This page describes the technical specifications of the Copyleaks API.

Page Definition

A page is defined as up to 250 words. This means that every 250 words (or portion thereof) in your document counts as one page for billing purposes. How Page Counting Works:
  • 1-250 words = 1 page
  • 251-500 words = 2 pages
  • 501-750 words = 3 pages
  • etc.

Input Limits

Supported Plagiarism File Types

TypeFile Types List
Textual:html, htm, txt, csv, rtf, xml, md
Non-Textual:pdf, docx, doc, pptx, ppt, odt, chm, epub, odp, ppsx, pages, xlsx, xls, LaTeX
Source code:ts, py, go, cs, c, h, idc, cpp, hpp, c++, h++, cc, hh, java, js, swift, rb, pl, php, sh, m, scala, css
You can access this list programmatically, for more info click here.

Supported Textual File Types

All supported plagiarism file types are also supported when submitted online by URL.

Supported Image Types (OCR)

The supported image files are pdf, docx, gif, png, bmp, jpg and jpeg . The files must contain textual content. Upload only.
You can access this list programmatically, for more info click here.

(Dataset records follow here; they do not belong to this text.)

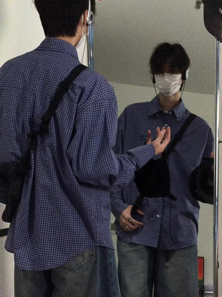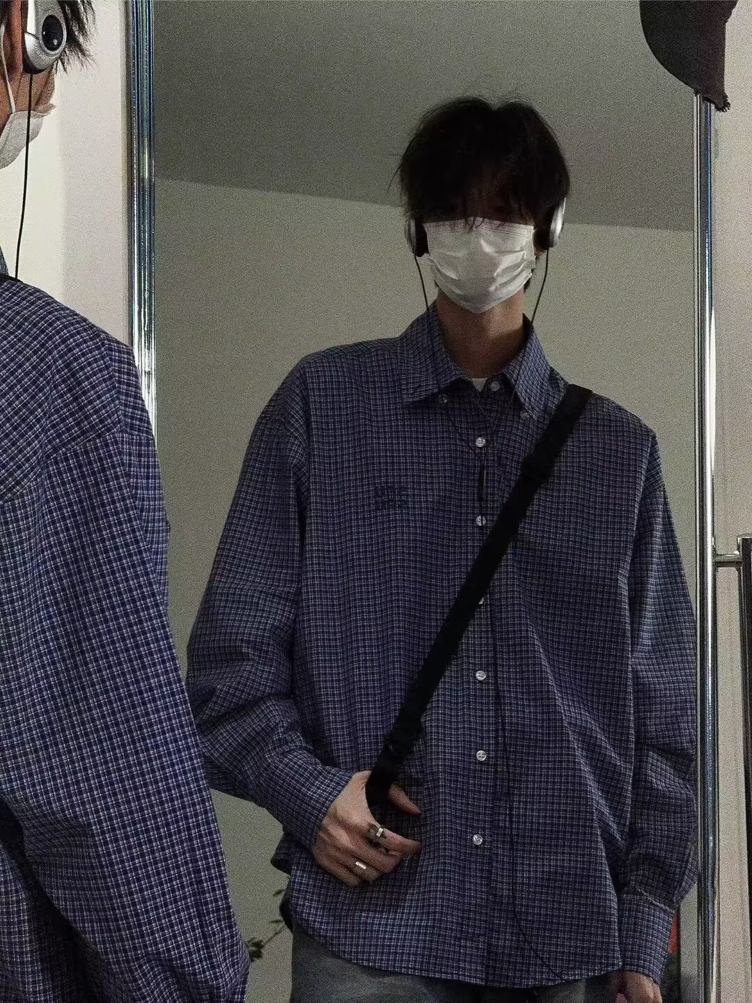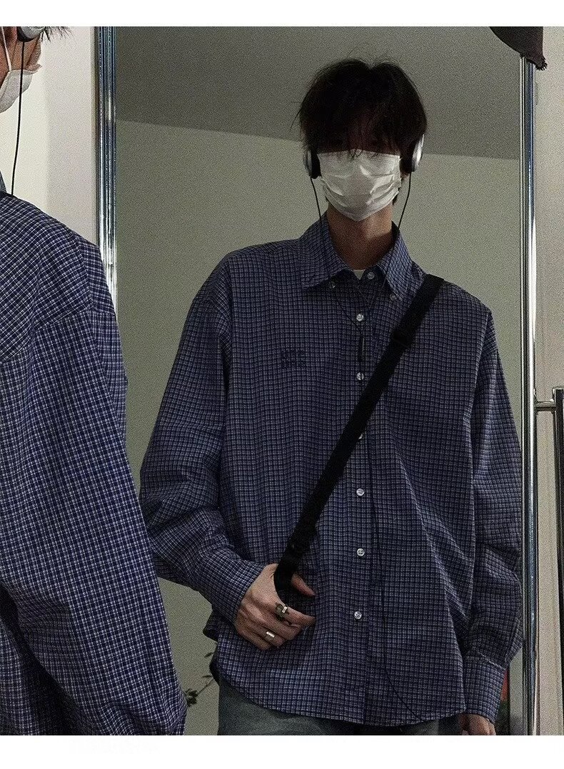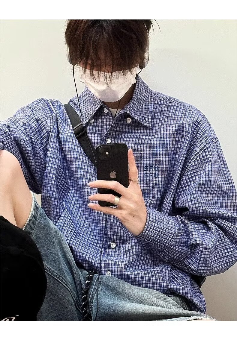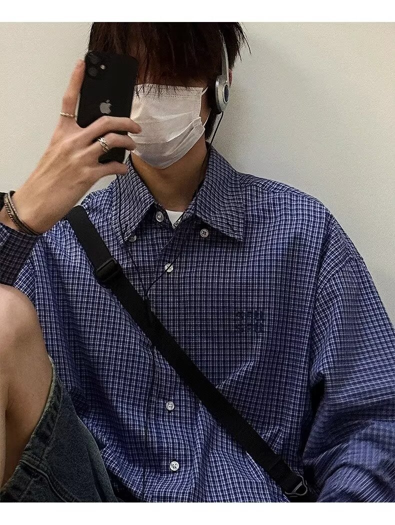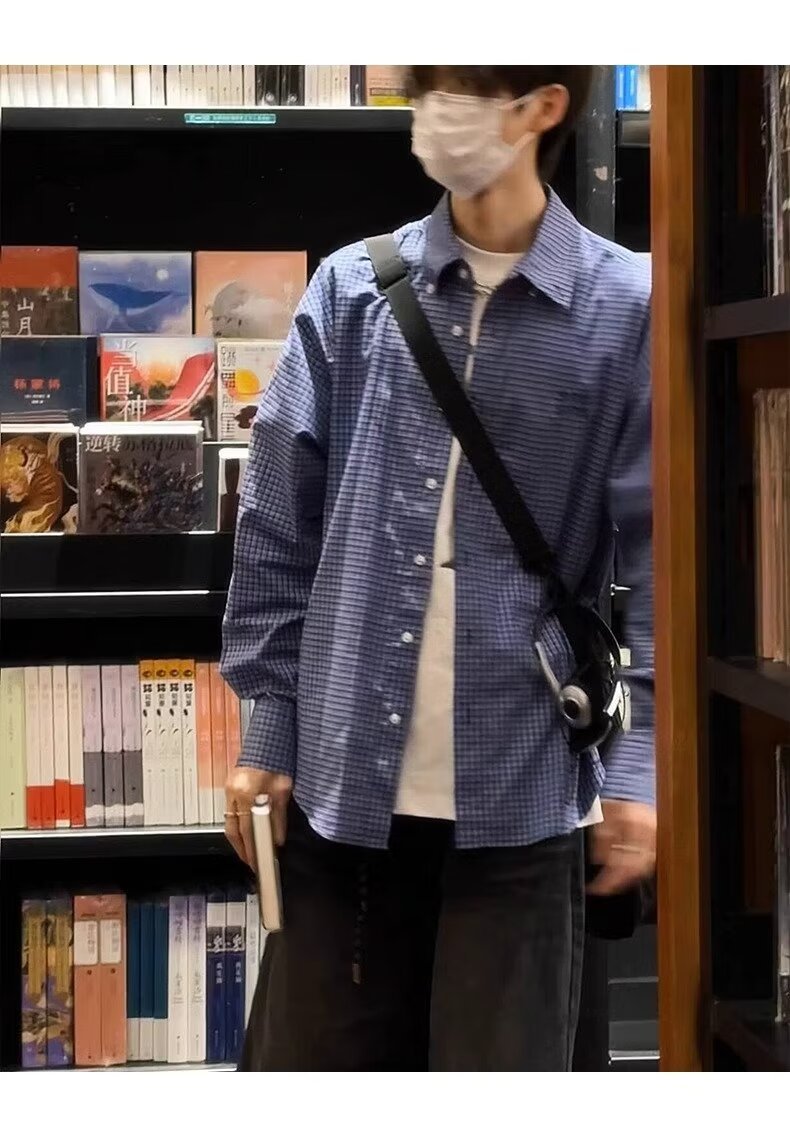 국경 간 미국 레트로 하이 엔드 센스 고급 긴팔 셔츠 남자 루즈 캐주얼 올 매치 체크 셔츠 재킷 대외 무역스토어 가기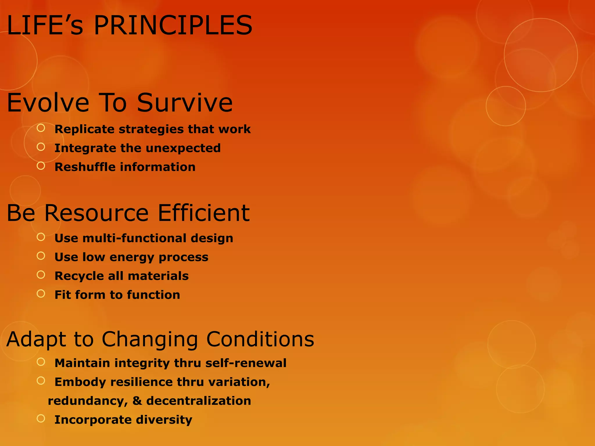 Life Principles Biomimicry | Biomimicry architecture, Self organization ...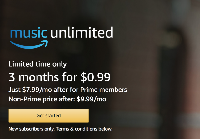 Amazon is offering a pretty good deal for its Music Unlimited service if you’ve never tried it before. You can snag three months of service for only $0.99. After that, Amazon will bill you $7.99 a month if you’re a Prime subscriber, or $9.99 a month if you’re not. Prime members get the same pricing that Google previously offered for early adopters of Google Music, so that’s definitely a plus.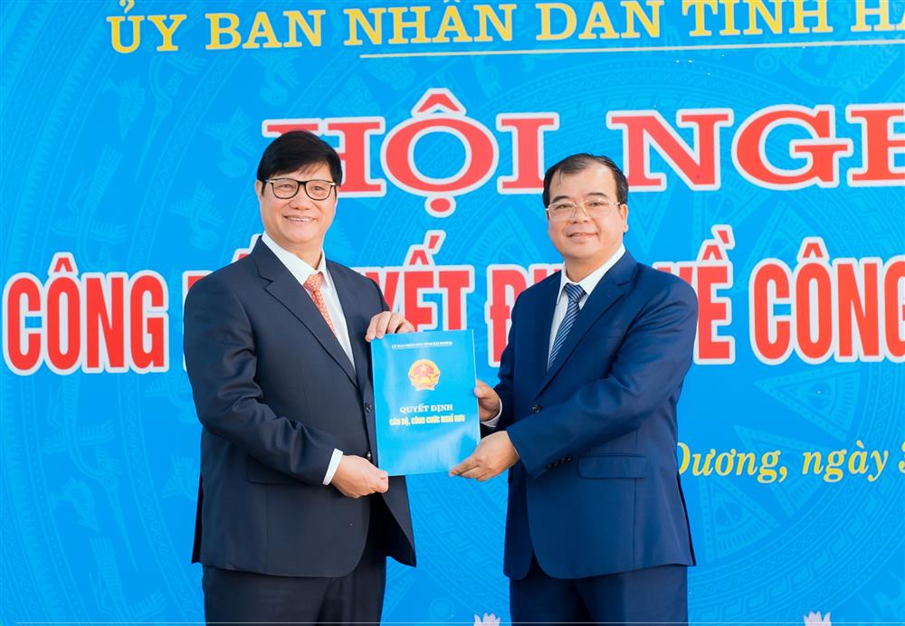 Đồng chí Phó Chủ tịch UBND tỉnh Hải Dương Nguyễn Minh Hùng (bên phải) trao quyết định của Chủ tịch UBND tỉnh về việc giao quyền Giám đốc Bệnh viện Đa khoa tỉnh Hải Dương cho TS.BS Vũ Minh Hiệp
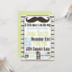 Celebre o nascimento iminente do seu homenzinho com este adorável convite de chá de fraldas com listras castanhas, azuis e verdes e um bigode marrom na moda.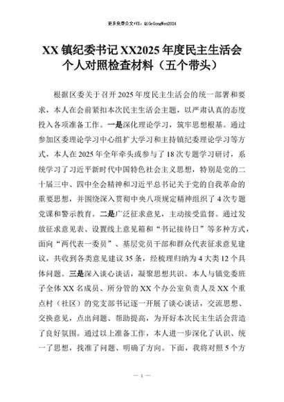 【七哥公文】2026年:XX镇纪委书记XX2025年度民主生活会个人对照检查材料(五个带头)+更多免费公文+VX:QiGeGongWen2024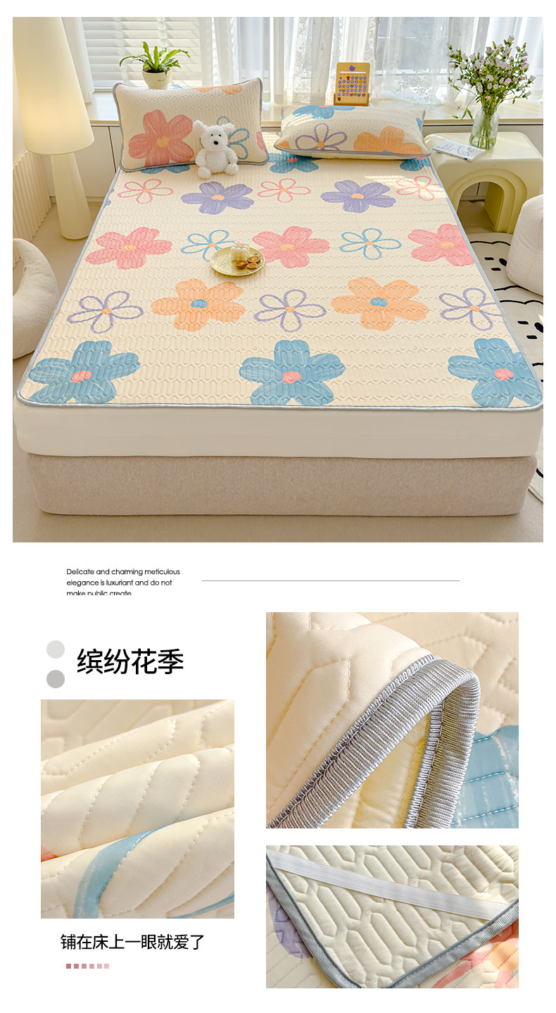 商品名称:伊人坊 2024新款A类凉感丝乳胶凉席三件套 缤纷花季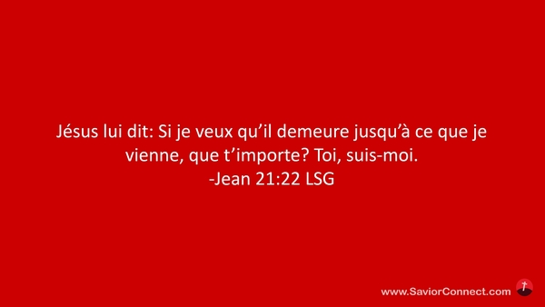 Jésus lui dit: Si je veux qu'il demeure jusqu'à ce que je vienne, que t'importe? Toi, suis-moi. -Jean 21:22 LSG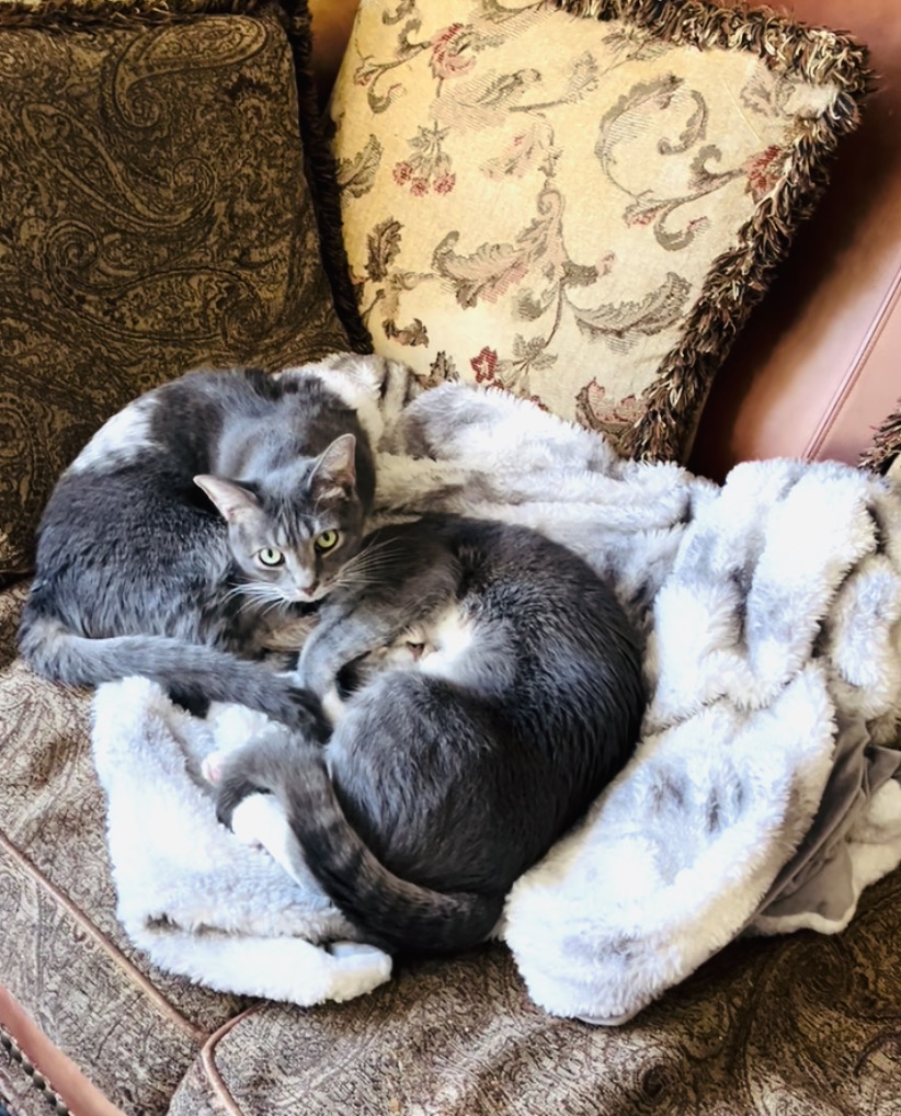 So, yes, they’re living their natural lives, following instincts: chasing when it’s called for, napping when they feel like it, demanding all the things they want (food, human-operated playthings, under-chin and belly scritches). I’m studying this behavior for the human equivalent. I’m pretty sure there’s a parallel to not overthinking it and just infusing my life with a little cat energy. Taking a nap when I feel like it without any guilt. Eating a cookie when it cries out to me (so much easier to just open a package rather than having to chase it down, although packaging these days … am I right?), stepping up to Dennis for a hug and reaching out to all my pals for the verbal equivalent (or the real thing if I’m close enough).

Supported Plagiarism Languages

SettingDescription
Supported LanguagesAll languages supported by Unicode, including English, Spanish, French, Portuguese, Arabic, Russian, German, Greek, Chinese, Japanese, and more. More info.
Supported OCR LanguagesSee full list here.
Supported Cross LanguagesSee full list here.
Maximum Document LengthThe maximum length allowed is 2000 pages (500K words).

File Size

DescriptionMax Upload File Size
HTML files (html, htm, …)5 MB
Text files (txt, csv) and source-code3 MB
Non-Textual Documents (pdf, doc, docx, …)50 MB
Image Types (jpg, png, bmp, …)25 MB

Rate Limit

An account by default has a rate of 10 requests per second. If you still need higher rates, feel free to contact us.
Rate Limit Exceeded, If your host has reached its API limit, you will receive the HTTP error 429 (Too Many Requests) and you will be unable to authenticate with the Copyleaks API for 5 minutes.

Maintenance Periods

When our servers are under maintenance you will receive a 503 HTTP status code. Please wait a full minute and try again. For more information about the service status - Copyleaks System Status.

Time

SettingValue
Time Formatdd/MM/yyyy HH:mm:ss
Time ZoneUTC
Default HTTP Request Timeout110 seconds

Scan Expiration

Your created scans using the /v3/submit endpoints will be stored in Copyleaks servers for a specific duration of time. You can control the expiration of your scans in your submit request. Make sure you save your data before it expires:
Typehours
Max Expiration2880
Default Expiration2880

Frequently asked questions

How does Copyleaks count pages for billing?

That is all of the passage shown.